═══ DATASET EXCERPTS
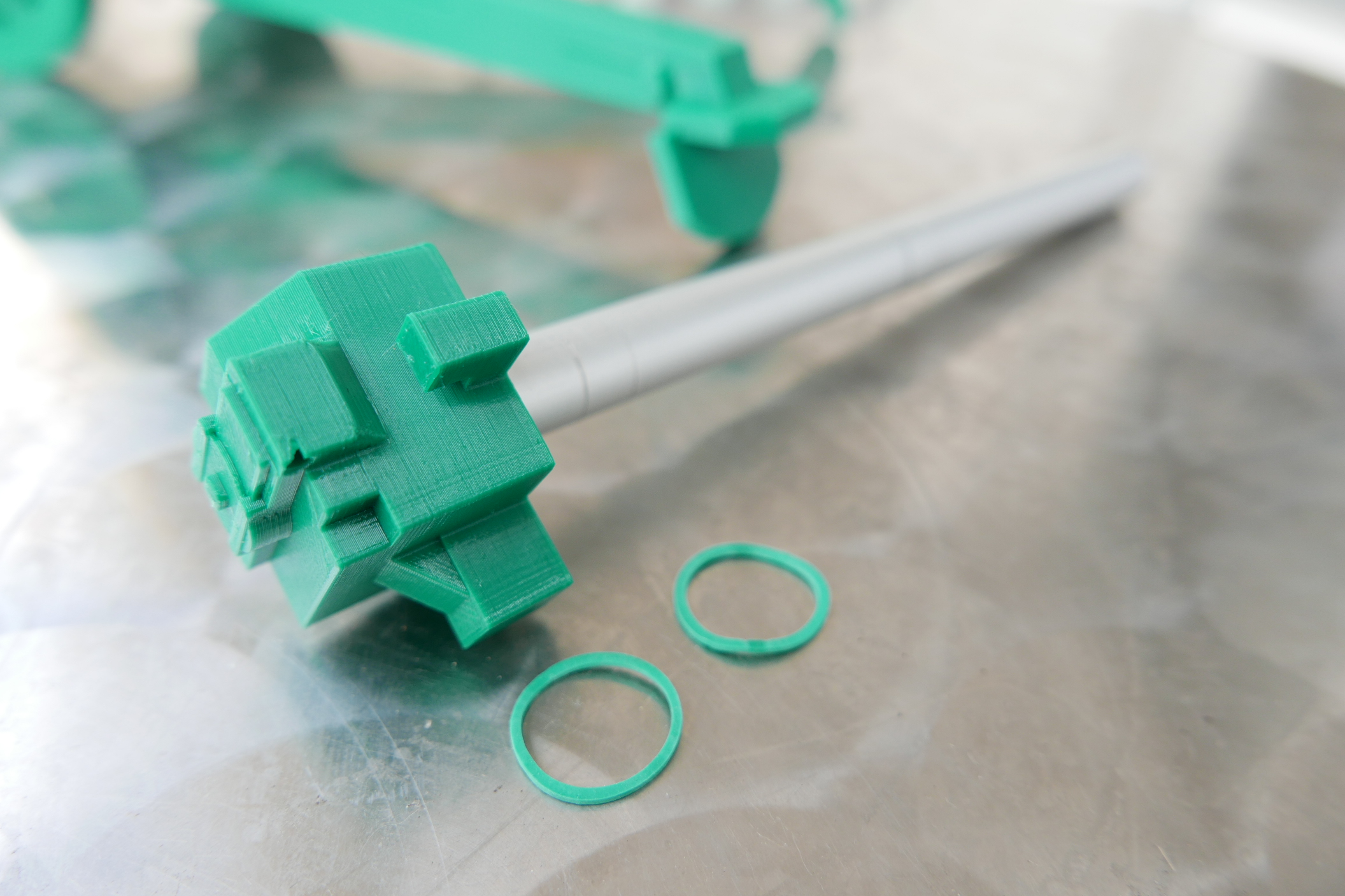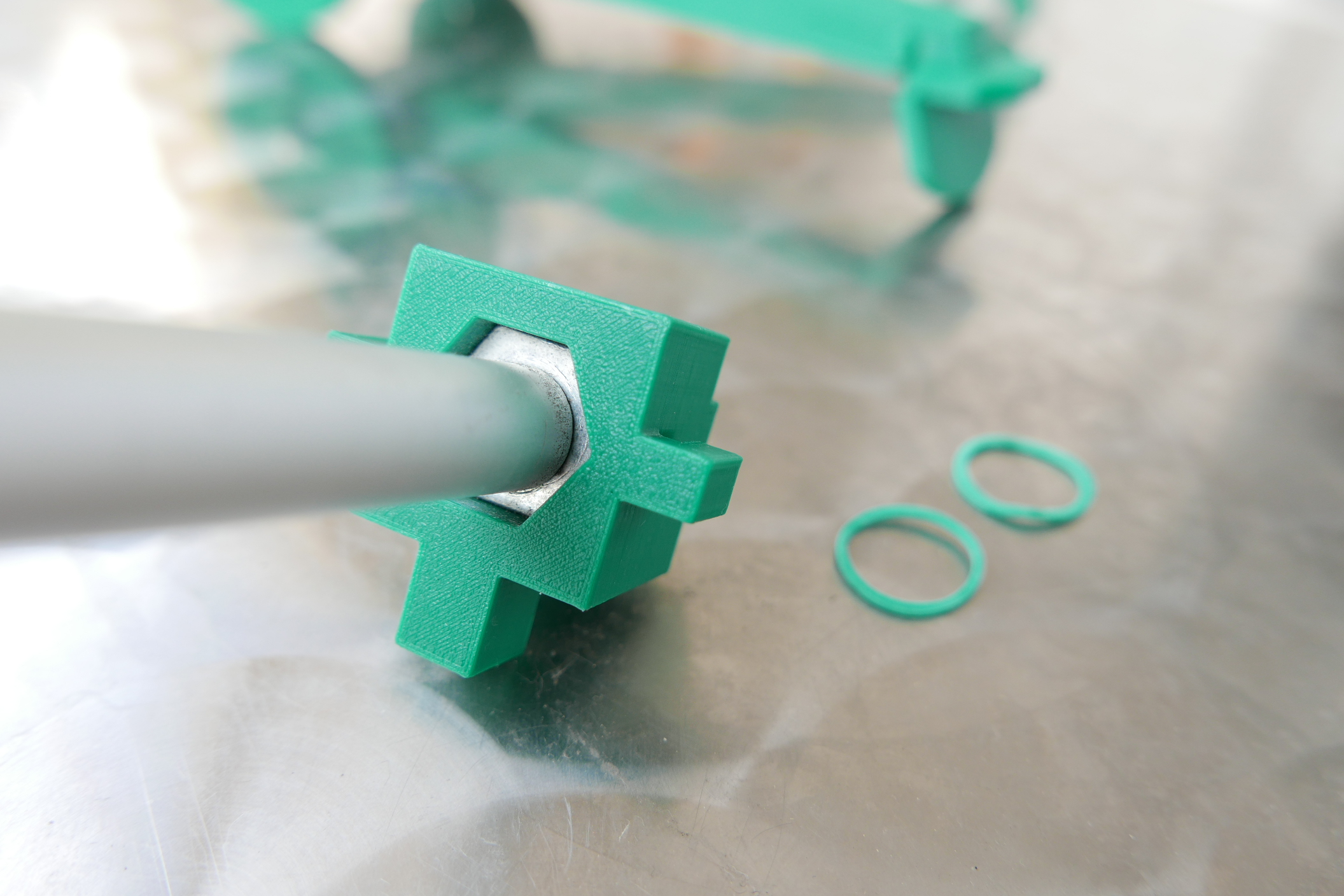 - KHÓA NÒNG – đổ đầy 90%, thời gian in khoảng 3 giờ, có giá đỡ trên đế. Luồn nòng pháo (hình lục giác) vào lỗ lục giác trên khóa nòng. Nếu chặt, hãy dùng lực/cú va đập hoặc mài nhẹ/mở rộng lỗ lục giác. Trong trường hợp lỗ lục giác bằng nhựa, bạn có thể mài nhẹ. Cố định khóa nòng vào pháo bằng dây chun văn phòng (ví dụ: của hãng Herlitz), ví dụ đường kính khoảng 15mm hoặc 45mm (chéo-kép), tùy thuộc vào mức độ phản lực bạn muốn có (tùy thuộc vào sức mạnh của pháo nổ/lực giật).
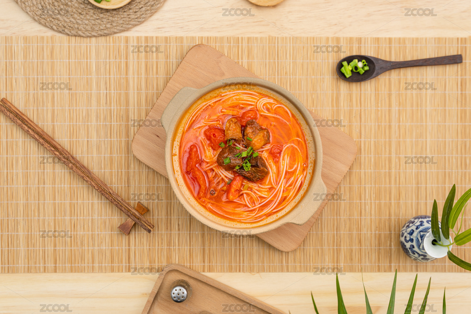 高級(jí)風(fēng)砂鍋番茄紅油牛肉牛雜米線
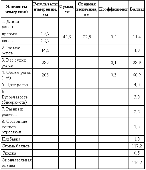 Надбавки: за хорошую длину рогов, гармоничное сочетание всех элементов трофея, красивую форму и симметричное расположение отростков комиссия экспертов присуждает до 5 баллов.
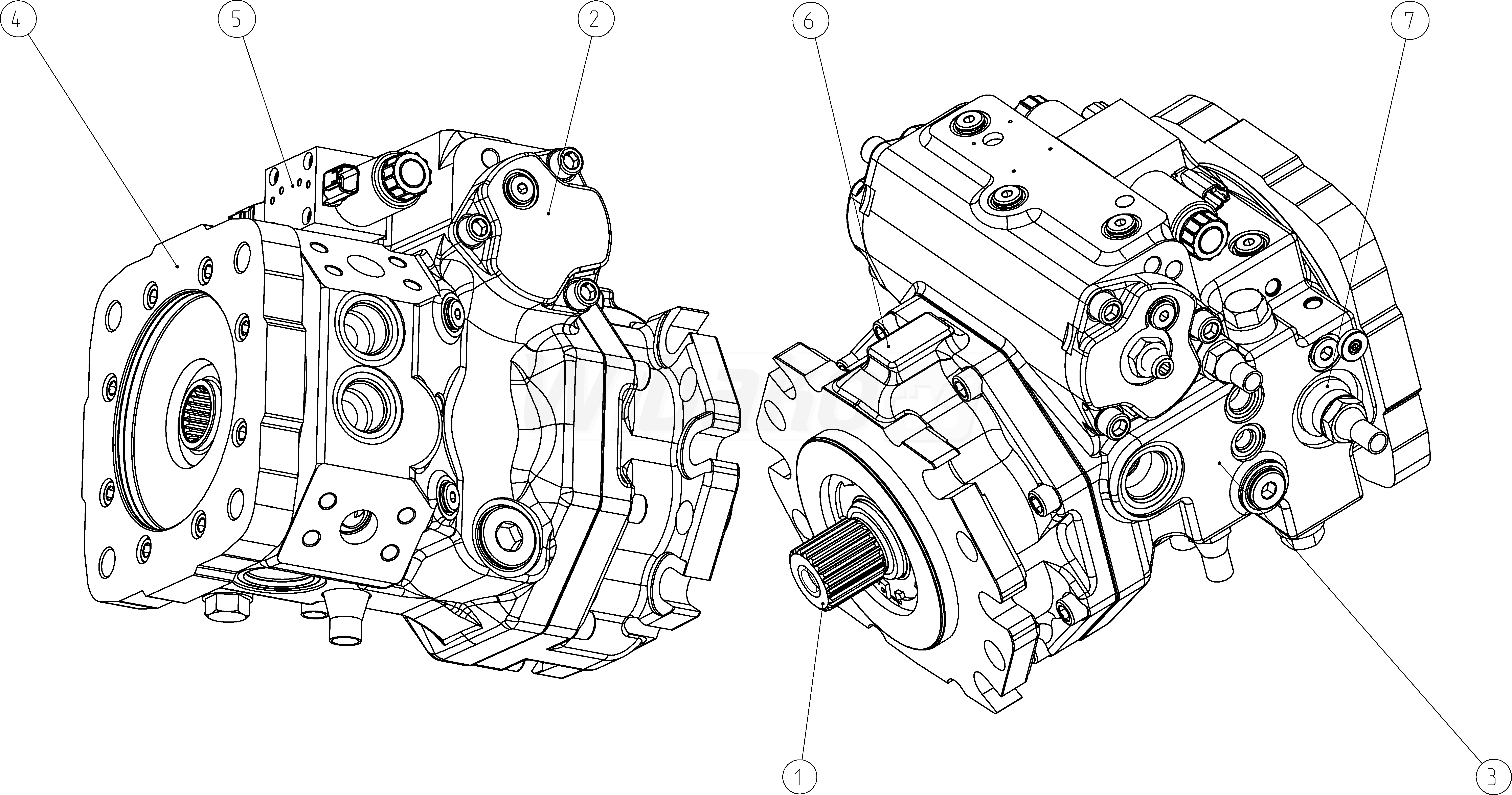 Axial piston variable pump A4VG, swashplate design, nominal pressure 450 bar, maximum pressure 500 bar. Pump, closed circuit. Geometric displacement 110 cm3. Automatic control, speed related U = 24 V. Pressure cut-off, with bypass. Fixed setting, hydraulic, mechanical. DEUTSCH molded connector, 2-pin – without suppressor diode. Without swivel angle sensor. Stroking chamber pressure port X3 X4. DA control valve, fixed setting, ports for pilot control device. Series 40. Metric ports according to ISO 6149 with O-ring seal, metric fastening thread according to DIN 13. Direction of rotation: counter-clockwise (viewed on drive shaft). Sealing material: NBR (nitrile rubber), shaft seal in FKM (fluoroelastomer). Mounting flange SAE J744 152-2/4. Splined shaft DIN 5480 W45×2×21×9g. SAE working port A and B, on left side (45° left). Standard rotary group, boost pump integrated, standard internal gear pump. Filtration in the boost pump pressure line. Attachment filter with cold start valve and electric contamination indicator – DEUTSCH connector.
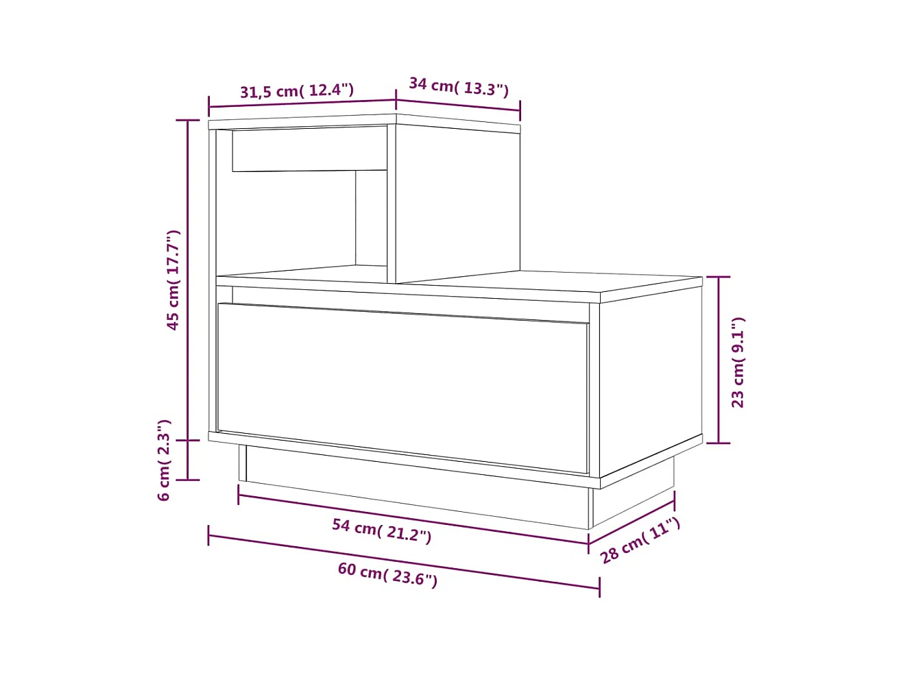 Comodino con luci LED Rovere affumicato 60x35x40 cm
══════
### [THE TASK]
Please repeat the entries exactly. Do not include the pictures.

### [SOLUTION]
 - KHÓA NÒNG – đổ đầy 90%, thời gian in khoảng 3 giờ, có giá đỡ trên đế. Luồn nòng pháo (hình lục giác) vào lỗ lục giác trên khóa nòng. Nếu chặt, hãy dùng lực/cú va đập hoặc mài nhẹ/mở rộng lỗ lục giác. Trong trường hợp lỗ lục giác bằng nhựa, bạn có thể mài nhẹ. Cố định khóa nòng vào pháo bằng dây chun văn phòng (ví dụ: của hãng Herlitz), ví dụ đường kính khoảng 15mm hoặc 45mm (chéo-kép), tùy thuộc vào mức độ phản lực bạn muốn có (tùy thuộc vào sức mạnh của pháo nổ/lực giật).
 高級(jí)風(fēng)砂鍋番茄紅油牛肉牛雜米線
 Надбавки: за хорошую длину рогов, гармоничное сочетание всех элементов трофея, красивую форму и симметричное расположение отростков комиссия экспертов присуждает до 5 баллов.
 Axial piston variable pump A4VG, swashplate design, nominal pressure 450 bar, maximum pressure 500 bar. Pump, closed circuit. Geometric displacement 110 cm3. Automatic control, speed related U = 24 V. Pressure cut-off, with bypass. Fixed setting, hydraulic, mechanical. DEUTSCH molded connector, 2-pin – without suppressor diode. Without swivel angle sensor. Stroking chamber pressure port X3 X4. DA control valve, fixed setting, ports for pilot control device. Series 40. Metric ports according to ISO 6149 with O-ring seal, metric fastening thread according to DIN 13. Direction of rotation: counter-clockwise (viewed on drive shaft). Sealing material: NBR (nitrile rubber), shaft seal in FKM (fluoroelastomer). Mounting flange SAE J744 152-2/4. Splined shaft DIN 5480 W45×2×21×9g. SAE working port A and B, on left side (45° left). Standard rotary group, boost pump integrated, standard internal gear pump. Filtration in the boost pump pressure line. Attachment filter with cold start valve and electric contamination indicator – DEUTSCH connector.
 Comodino con luci LED Rovere affumicato 60x35x40 cm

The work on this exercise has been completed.